▸ **EXERCISE PROMPT**
Only the lines from the one with "In vitro degradation" through the last line of the data below are to be duplicated, exactly and without pictures.

▸ **DATA PROVIDED**

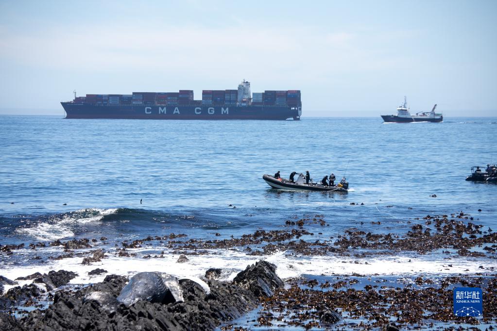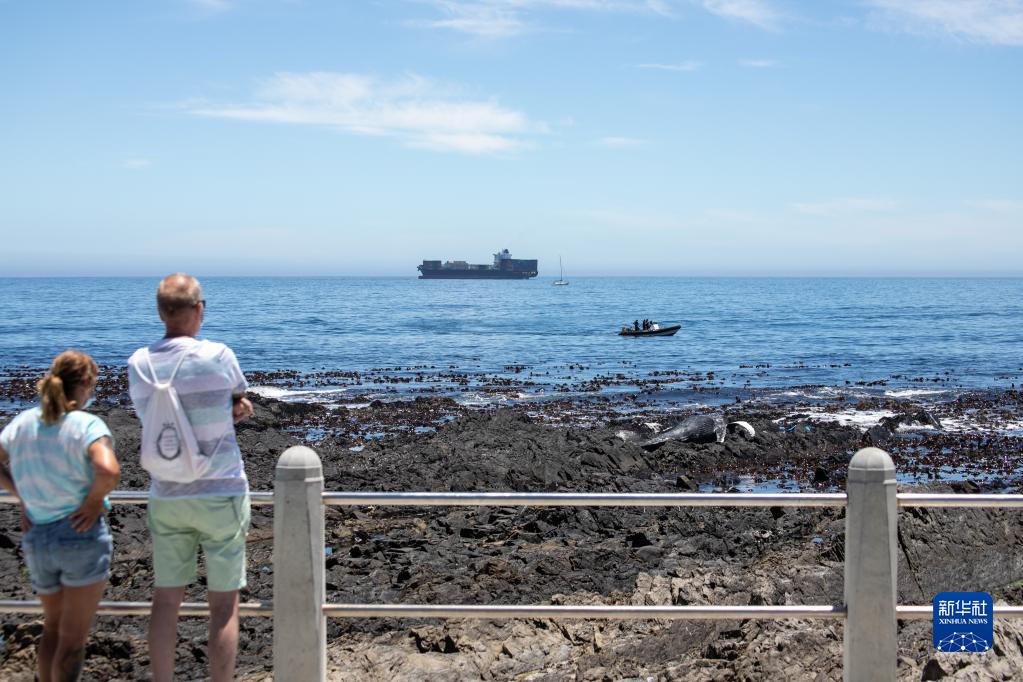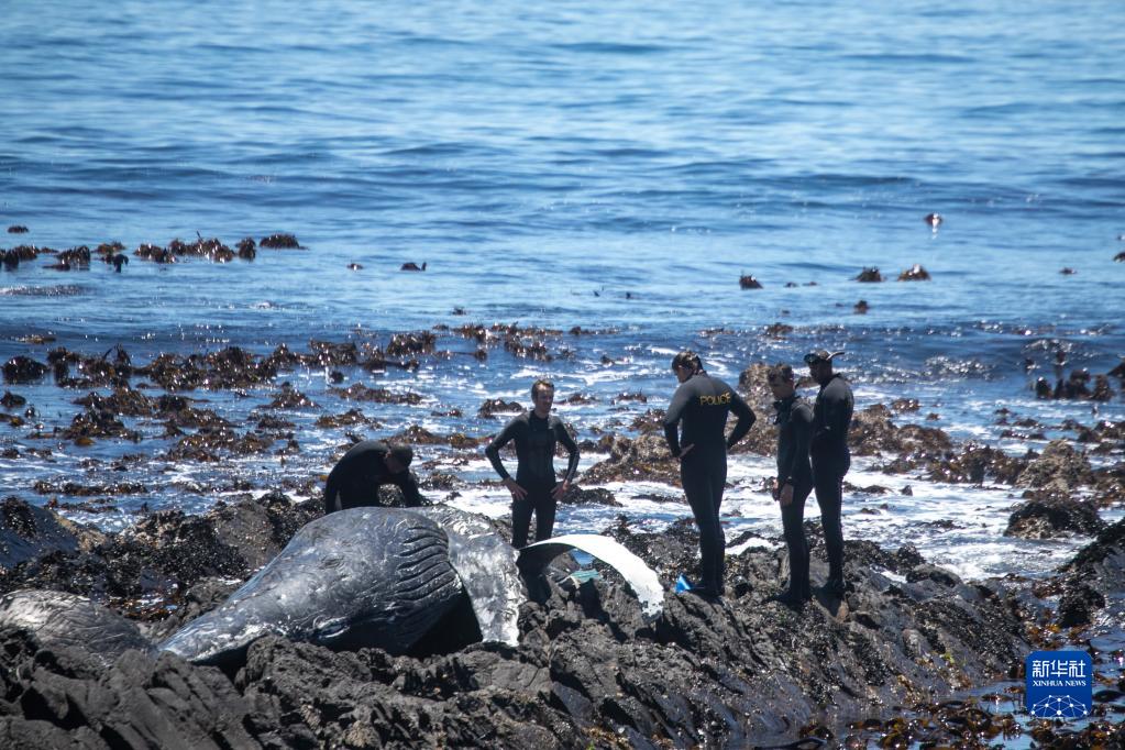 12月9日,在南非开普敦,警察站在海岸边的座头鲸尸体附近。 据当地媒体报道,当天上午一具座头鲸尸体在位于市区的海岸边被发现,当地政府随后在警方和海洋救援组织的协助下将尸体清理。 新华社记者 吕天然 摄
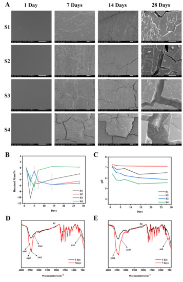 In vitro degradation experiment. (A): SEM surface morphology of S1–S4 degraded in PBS at 37 °C for 1, 7, 14, and 28 days. (B): residual mass during S1–S4 degradation; (C): during S1–S4 degradation pH value of degradation solution; (D): Infrared characterization chart of S1 without degradation and degradation for 7 days; (E): Infrared characterization chart of S4 without degradation and degradation for 7 days.
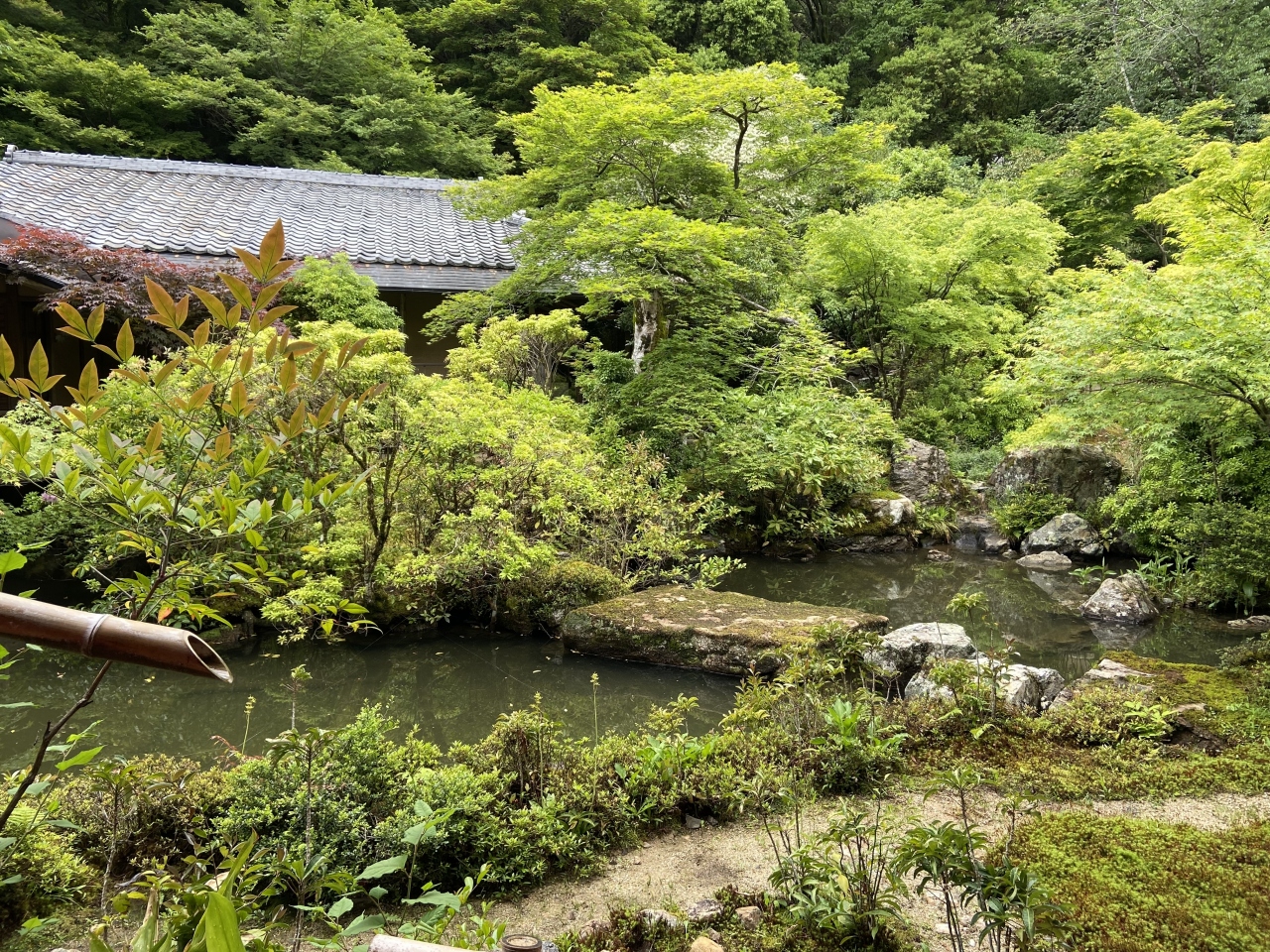 葵祭を見るため久しぶりに京都を訪れた。その前日、雨の中実相院を参拝した。床もみじが名高いが、もちろん5月は新緑の季節、床みどりを鑑賞することにした。最寄り駅は叡山電鉄の岩倉駅で徒歩15分ほど。
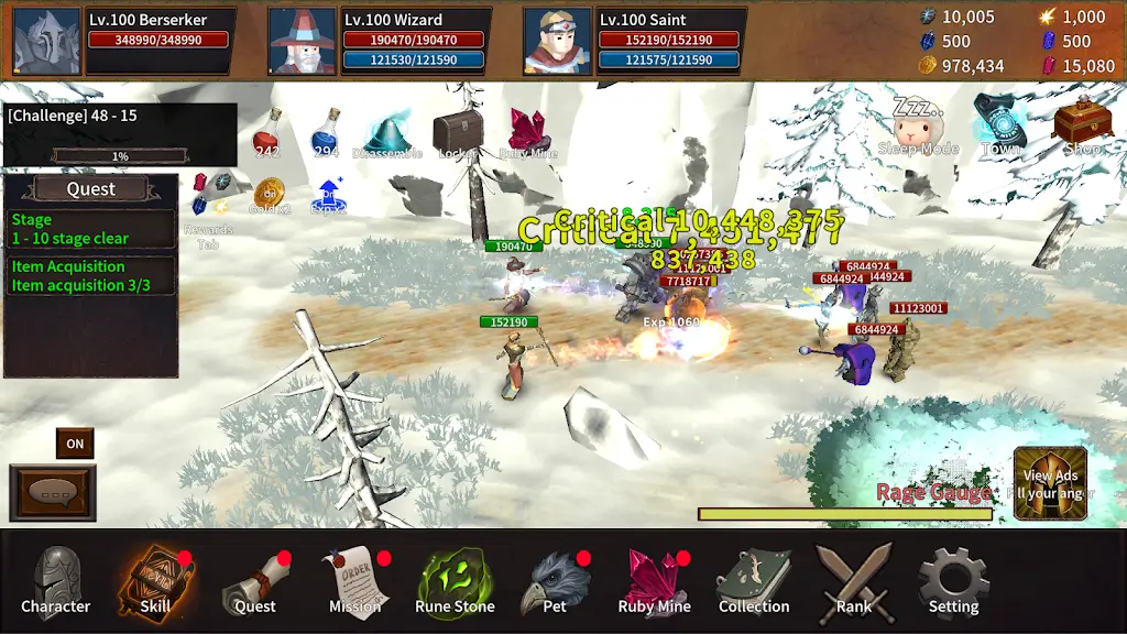 Dungeon of Infinity will take you to the most interesting, attractive, and epic monster hunts. You will be able to choose three powerful warriors with the best fighting skills to form a group and start your hunt. The game will bring you the most attractive and unique monster hunts, where you will come across extremely diverse monsters for you to freely show off your hunting skills. What are you waiting for? Start hunting right away.

▸ **TASK SOLUTION**
 In vitro degradation experiment. (A): SEM surface morphology of S1–S4 degraded in PBS at 37 °C for 1, 7, 14, and 28 days. (B): residual mass during S1–S4 degradation; (C): during S1–S4 degradation pH value of degradation solution; (D): Infrared characterization chart of S1 without degradation and degradation for 7 days; (E): Infrared characterization chart of S4 without degradation and degradation for 7 days.
 葵祭を見るため久しぶりに京都を訪れた。その前日、雨の中実相院を参拝した。床もみじが名高いが、もちろん5月は新緑の季節、床みどりを鑑賞することにした。最寄り駅は叡山電鉄の岩倉駅で徒歩15分ほど。
 Dungeon of Infinity will take you to the most interesting, attractive, and epic monster hunts. You will be able to choose three powerful warriors with the best fighting skills to form a group and start your hunt. The game will bring you the most attractive and unique monster hunts, where you will come across extremely diverse monsters for you to freely show off your hunting skills. What are you waiting for? Start hunting right away.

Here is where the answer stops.